Focusing on the Twins, with a few ramblings on other things that catch my attention

Tuesday, January 02, 2007

Hall of Fame Predictions

Hall of Fame voting results will be released in a week, and this seems the appropriate time to reveal my predictions for what will actually happen when the ballot is released, including vote percentages. My previous post stating who I would vote for if I were lucky enough to have a ballot can be found here.

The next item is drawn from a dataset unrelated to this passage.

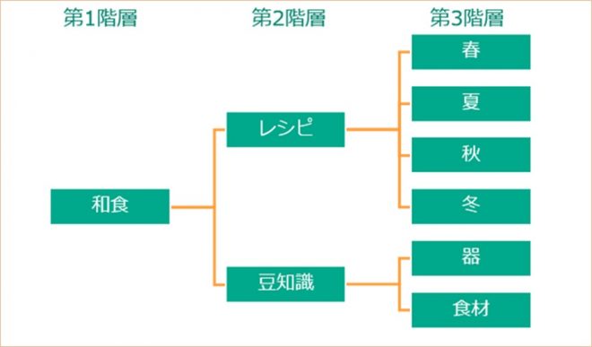 上記図のように、カテゴリーは親となる1階層目の下に、2階層、3階層と追加することができます。しかし、1万ページ以上の大規模サイトでなければ、あっても2階層あれば十分。
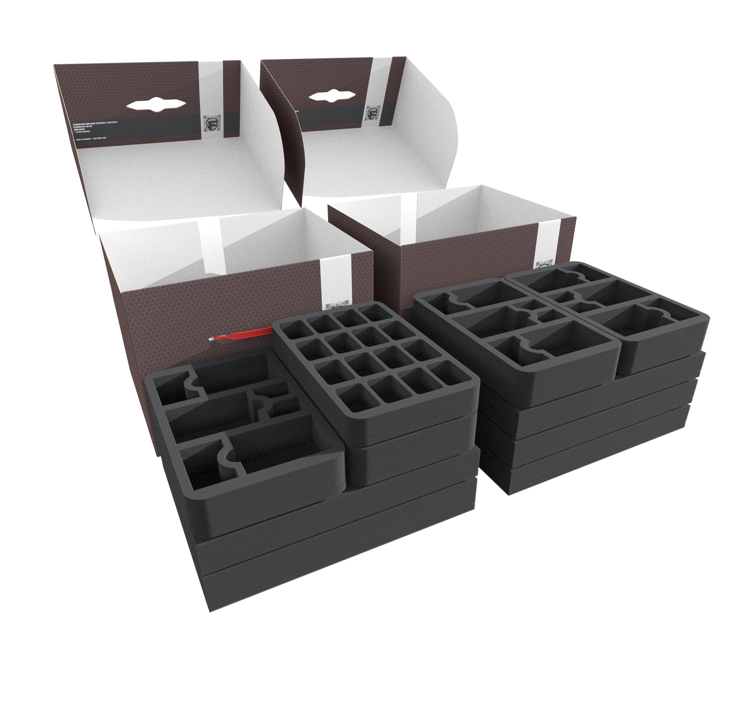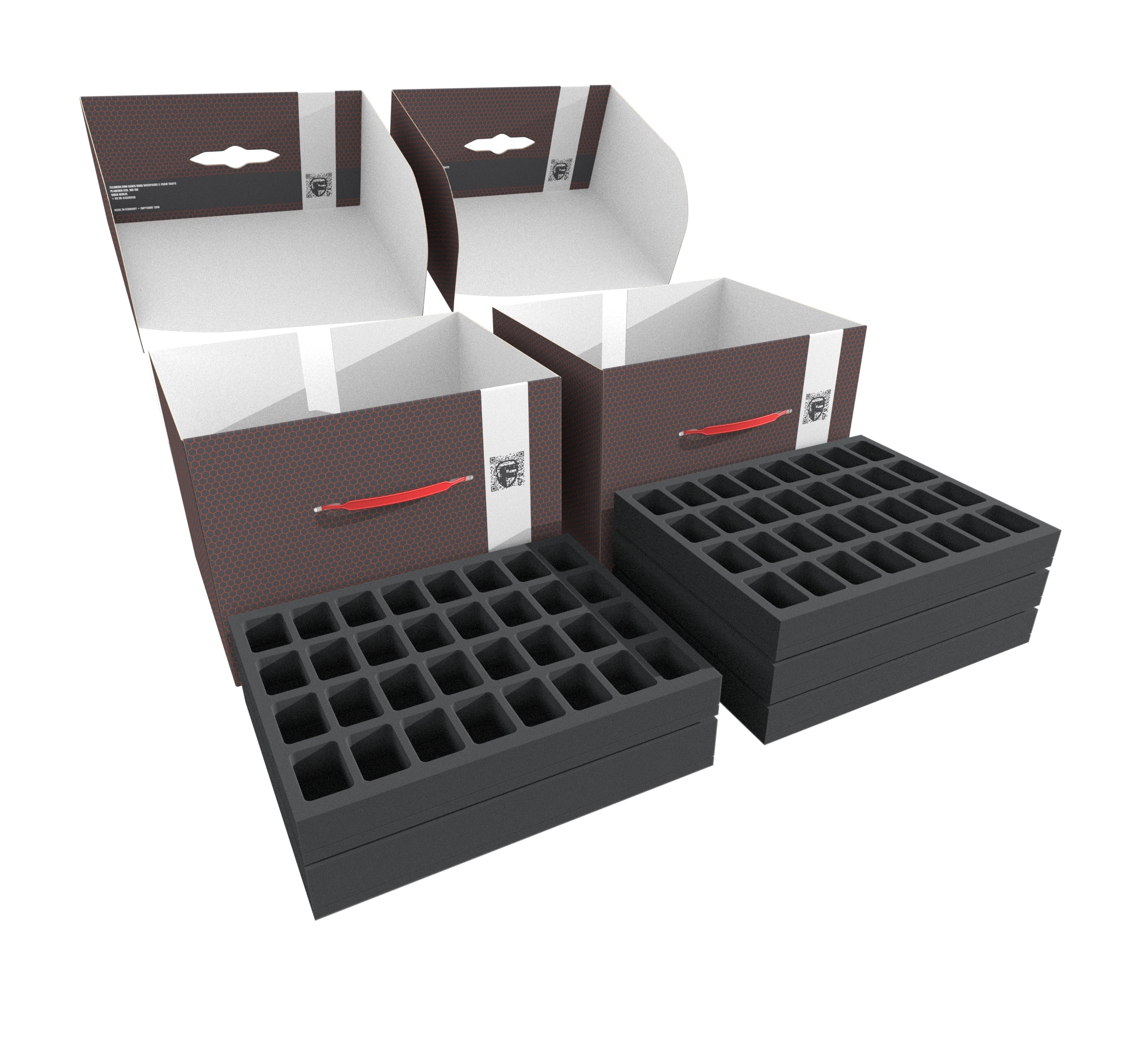 - 2 Half-Size foam trays with 16 compartments each for miniatures (HS035BF05BO)

A few quick comments before I post my predictions. First, I think that many voters consider future elections when voting for Hall of Famers. I wish they didn't - I think voters should be free to change their minds from year to year as they consider new evidence, but I don't think that things such as who a player would be elected with, or the paucity of suitable candidates for a future year, should be considered by a voter. Nevertheless, this does happen - and I think it will have a significant impact on this year's balloting. The class of newly eligible players NEXT year is not a strong one - Shawon Dunston, Travis Fryman, David Justice, Mike Morgan, Tim Raines, and Randy Velarde are listed as the top choices on the Hall of Fame website - and many voters may be holding off on voting for players like Bert Blyleven, Goose Gossage, and Jim Rice until next year when there are no obvious first-timers.

Largely based on the results of last year's voting, and the trends that have developed over the last few years, here are my predictions for this year. The numbers in parentheses are the results for the last five years, if the player has been eligible for that amount of time. This is to make it easier to see trends, if any, in that player's vote percentages. My predicted totals don't necessarily have a linear relationship to previous vote results - there are certain players who seem to have gained steam over the last year, and vice versa.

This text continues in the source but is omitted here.